So I've been writing:
"A solitary flame lights the room with an orange glow. Shadows dance on the wall as a draft reaches the fire. This is all I know. With the morning comes the daily patrol to the four corners of our small village. A path I know all too well. From the border of the forest to the edge of the stream and back. No one has ever encountered any outsiders on patrol, but it must be done as it always has. No one even knows if there are outsiders. They could be no more real than the stories told to us as children to keep us from wandering away. There was once talk of exploration, but there is no need. We have all we need here. This place is safe. The wind howls outside and the flame nearly blows out. We stopped calling the days by their names long ago, for every day here is the same. Everyone here is happy. It is the perfect world, all we have ever known. The candle is extinguished and I go to bed. I watch the smoke still rising and twisting in the moonlight as I drift off, knowing that tomorrow will be no different from today and all the days of my life."

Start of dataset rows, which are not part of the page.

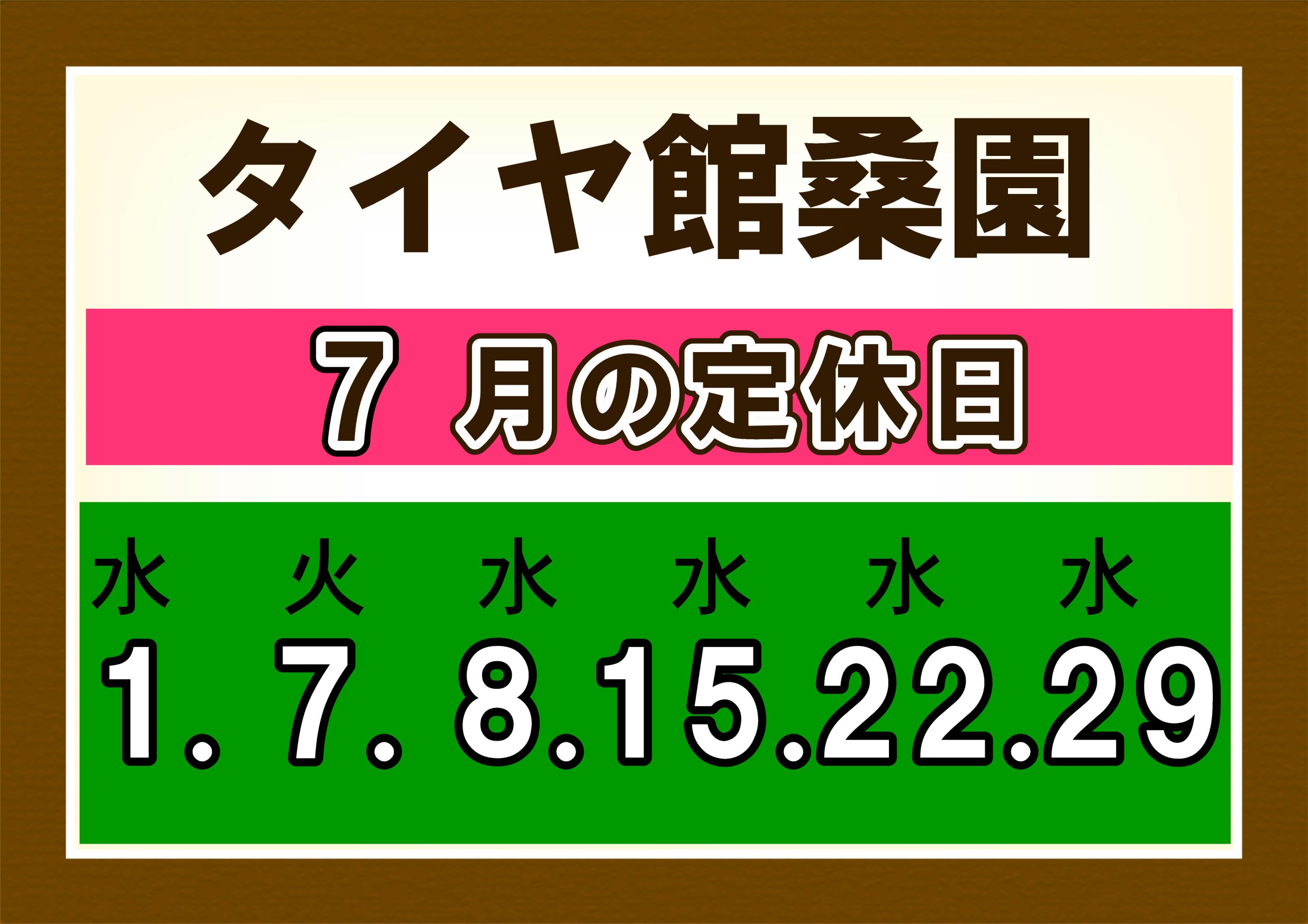 7月の定休日のお知らせです!!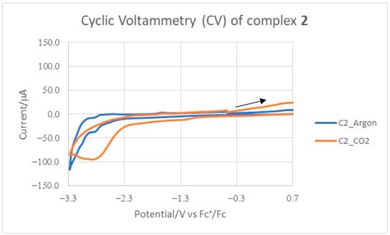Fragment of cyclic voltammogram of complex 2 (5·10−4 M, glassy carbon working electrode dish with 3.0 mm diameter, dry MeCN, 0.1 M Bu4NPF6, scan rate 100 mV·s−1), recorded under argon atmosphere (blue line) and CO2 atmosphere (orange line). The arrow indicates the scan direction. The complete cyclic voltammogram can be seen in Figure S5 of the Supplementary Materials.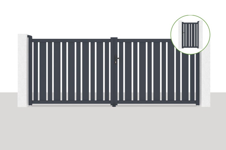 Flügeltor 4x1,6m VEYMONT + Tor 1m VEYMONT H.1,6m grau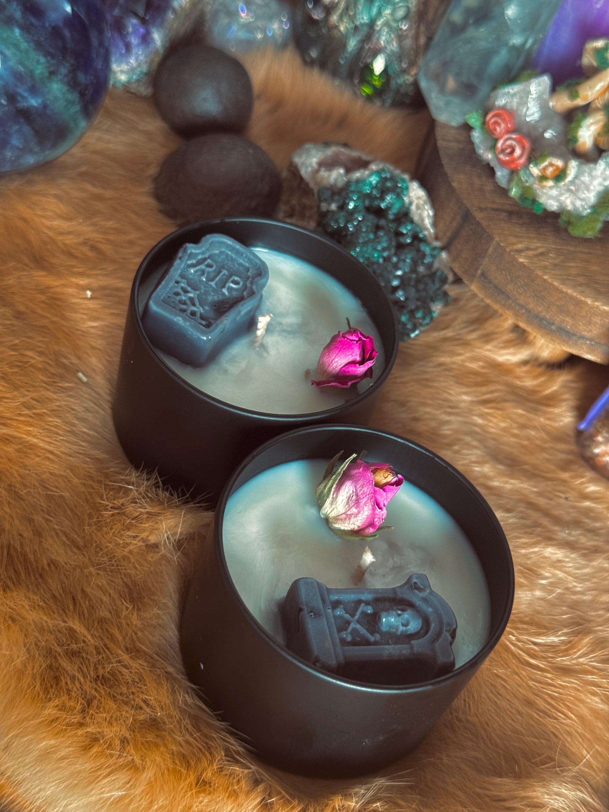 Graveyard Delight: Das besondere Highlight verbirgt sich in der Mitte: Ein schwarzer Grabstein aus Sojawachs, gefüllt mit Palo Santo Duftöl, Lavendelblüten und Amethystchips. Sobald die Kerze abbrennt, schmilzt der Grabstein langsam dahin, färbt das Wachs geheimnisvoll ein und enthüllt die kleinen Blüten und Edelsteine – wie ein Ritual voller Überraschungen.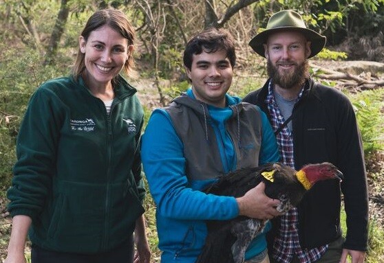 The brush turkey research team, led by Sydney doctoral candidate Matthew Hall (centre) with Taronga's Dr Alicia Burns and Dr John Martin from the Royal Botanic Garden.
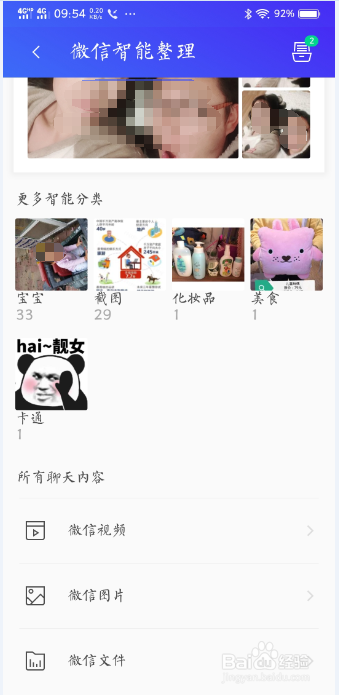 进入后,就会看到,微信智能清算功能,已经主动将微信视频、微信图片、微信文件按照分歧类别精准分类,并生当作智能化标签。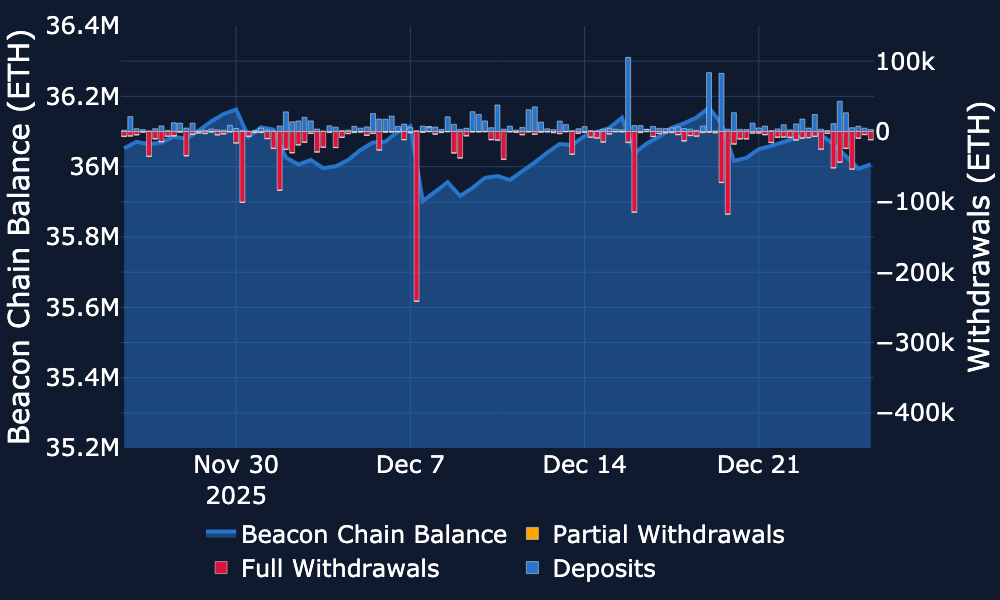 Beacon Chain - There was a brief spike in withdrawals in the beginning of this week, but afterwards levels have been steady, with no major spikes since.

I don't know what's better - to be complacent with life and everything you do (if that was the case you'd have no need to aspire towards better things), or to have many dreams and goals (many of which you will likely never achieve). It's a hard choice. Personally, I have way too many dreams and things I'd like to achieve. At the same time it sucks that I'm sure I won't get to them all, it's nice to have things to shoot for. Even just the dream itself is nice, even if it never comes true.
I make plans to break plans and I've been plannin' something big, plannin' something big...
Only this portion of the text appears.